1. Mention a Few Ferrel Cell Characteristics.

  • The Ferrel cell moves in a circular motion and is named after an American meteorologist William Ferrel.

  • The air in the Ferrel cell flows in an eastward and poleward direction near the equator and surface area and a westward direction in the areas of higher latitudes.

  • It exists between 30 degrees North and South to 60 degrees North and South.

  • The westerly winds blow through the subtropical regions in a high pressure towards the subpolar low-pressure belts.

  • The Ferrel cells experience westerly winds on the surface areas.

  • In the southern hemisphere, the westerly winds blow in a northwest direction.

  • In the northern hemisphere, the westerlies blow in a southwest direction. 

2. Discuss the factors that Affect the Direction and Speed of the Wind.

Air is in motion because of the differences caused by atmospheric pressure.

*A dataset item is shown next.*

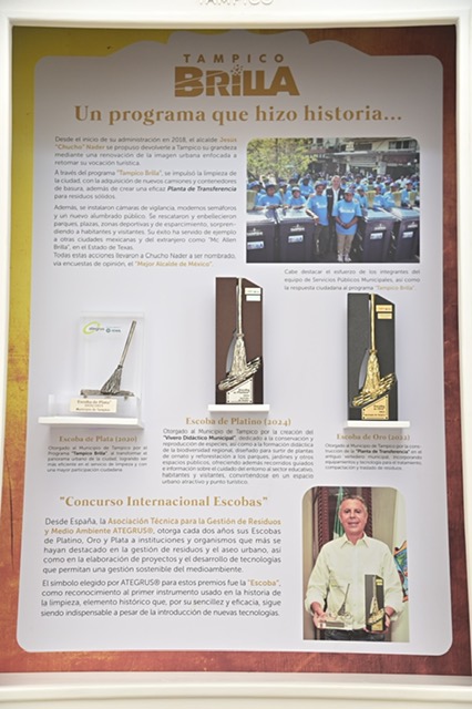 Chucho Nader detalló que la “Escoba de Plata”, obtenida en 2020, fue posible tras la implementación del programa de limpieza “Tampico Brilla”; en tanto que la “Escoba de Oro” conseguida en 2022 se obtuvo mediante la presentación del proyecto de la Central de Transferencia y su novedoso sistema de recolección, compactación y traslado de los residuos sólidos urbanos hacia el Relleno Sanitario.

This air is called wind, which flows from high-pressure to low-pressure areas. The winds experience friction in the surface area, and the rotation of the earth affects the movement of the wind. The force that is formed due to the rotation of the Earth is called the Coriolis force. So, the horizontal winds that are present near the earth’s surface react to the combination of the following three forces, namely the pressure gradient force, the Coriolis force, and the frictional force.